Collected data |
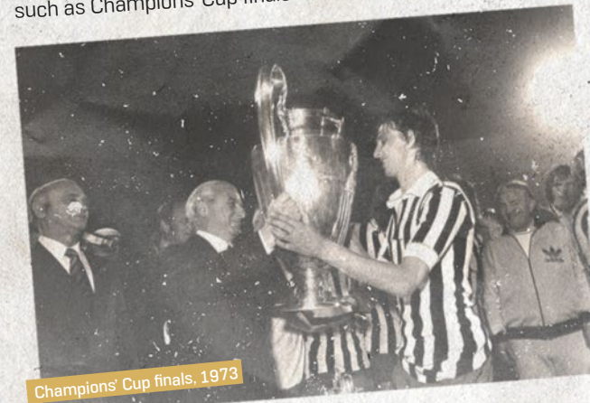
Champions' Cup finals, 1973

Football Association of Serbia has proved its strength as participant in the organization of big competitions, such as Champions' Cup finals in 1973 (Juventus – Ajax, 1:0), and the final tournament of the Nations' Cup in 1976.
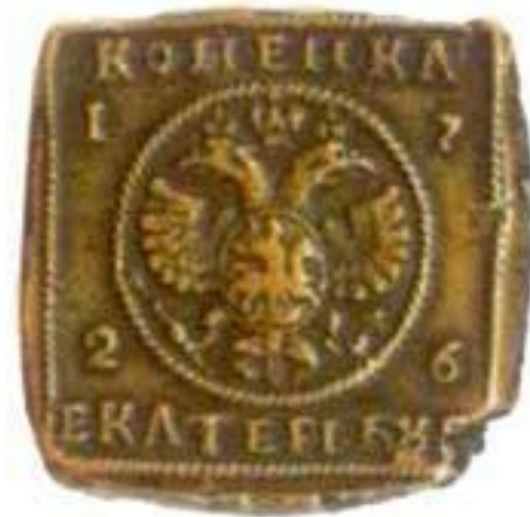
Копейка Екатерины I

Problem description | Hand back the data above exactly, leaving out all pictures.

Solution for this exercise |
Champions' Cup finals, 1973

Football Association of Serbia has proved its strength as participant in the organization of big competitions, such as Champions' Cup finals in 1973 (Juventus – Ajax, 1:0), and the final tournament of the Nations' Cup in 1976.
Копейка Екатерины I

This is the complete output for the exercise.